:: Data segment
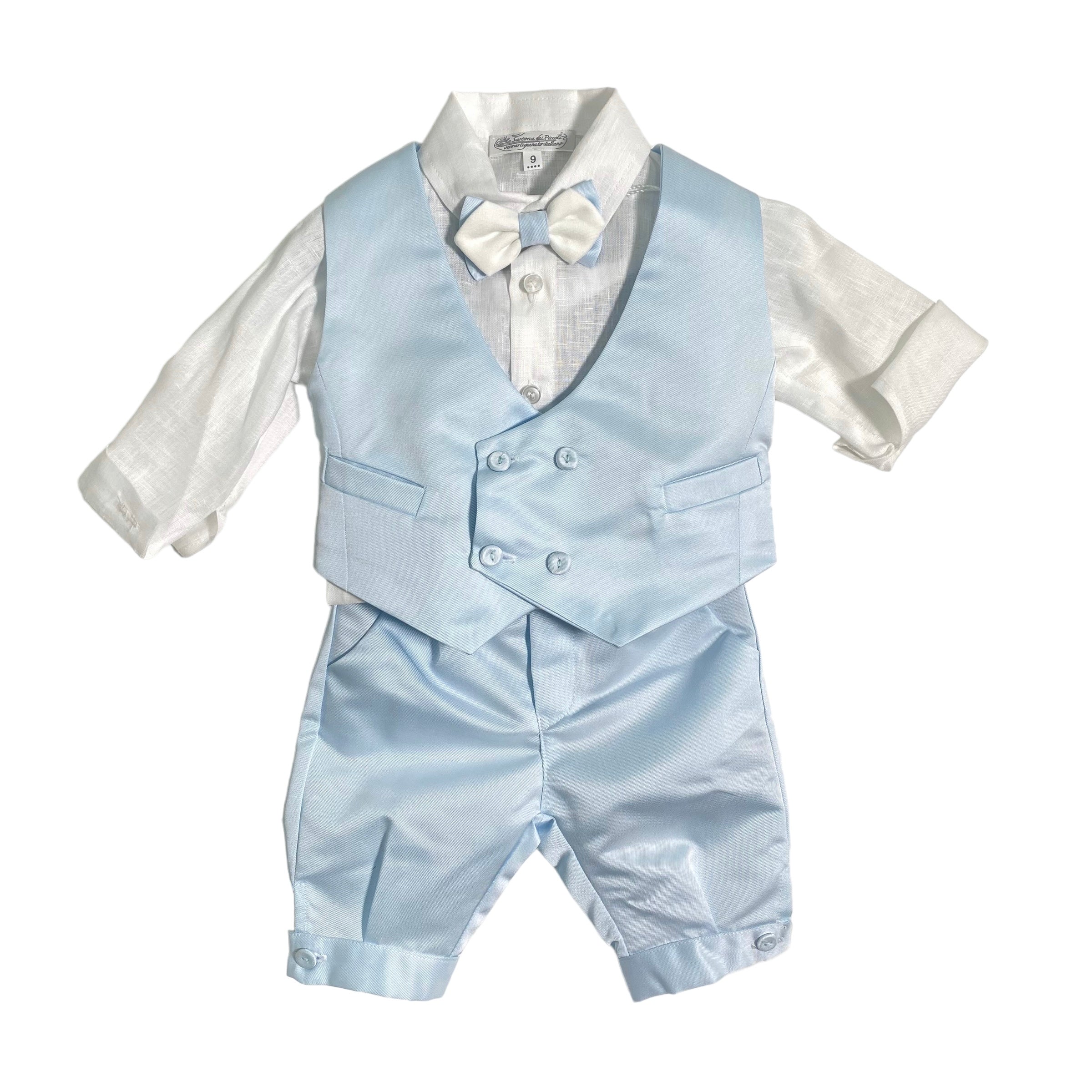 Il Completo Elegante Con Panciotto In Mikado Neonato è il perfetto outfit battesimale per il tuo bambino. Il delicato tessuto in Mikado Azzurro e la camicia bianca in lino con maniche risvoltabili lo rendono elegante e confortevole. Il pantalone a sbuffo e il panciotto doppiopetto lo completano, insieme al papillon doppiato, per uno stile impeccabile.
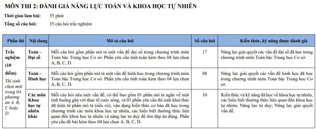 Môn thi 2 là Đánh giá năng lực Toán và Khoa học tự nhiên, gồm 35 câu hỏi trắc nghiệm, thời gian làm bài 55 phút.
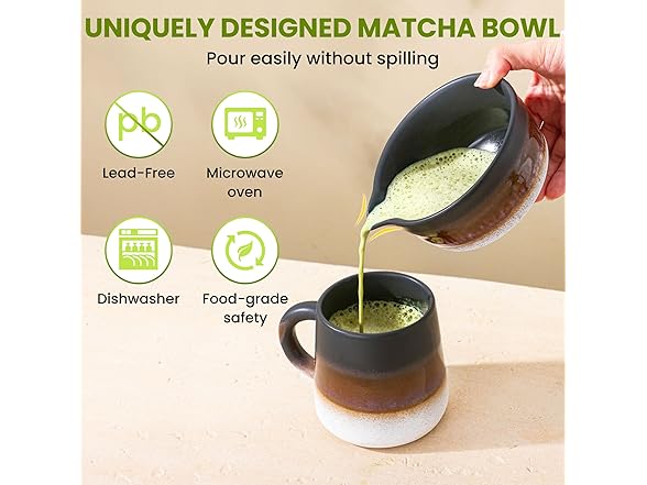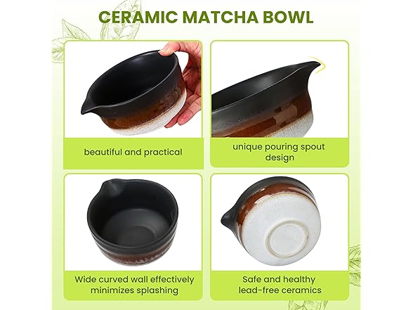 - Safety and Quality: Our ceramic matcha set meets food safety standards (lead-free and mercury-free). The Matte glazed interior prevents tea stains from adhering, ensuring easy cleaning while combining aesthetics with practicality. The handcrafted matcha whisk is made from premium yellow-shell bamboo, enhancing stability and durability without imparting bitterness. Handle diameters are precisely controlled between 1.1–1.25 inch for smooth handling. Strict humidity control and individual airtight packaging ensure optimal product longevity.
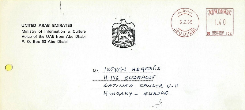 ![]() UAE Sticker ![]() QSL and Sticker Contributed by Istvan Hegedus (Hungary)
::::
From the line containing "- Safety and" to the last line of the material, every line is to be reproduced exactly. No picture belongs in the copy.

 - Safety and Quality: Our ceramic matcha set meets food safety standards (lead-free and mercury-free). The Matte glazed interior prevents tea stains from adhering, ensuring easy cleaning while combining aesthetics with practicality. The handcrafted matcha whisk is made from premium yellow-shell bamboo, enhancing stability and durability without imparting bitterness. Handle diameters are precisely controlled between 1.1–1.25 inch for smooth handling. Strict humidity control and individual airtight packaging ensure optimal product longevity.
 ![]() UAE Sticker ![]() QSL and Sticker Contributed by Istvan Hegedus (Hungary)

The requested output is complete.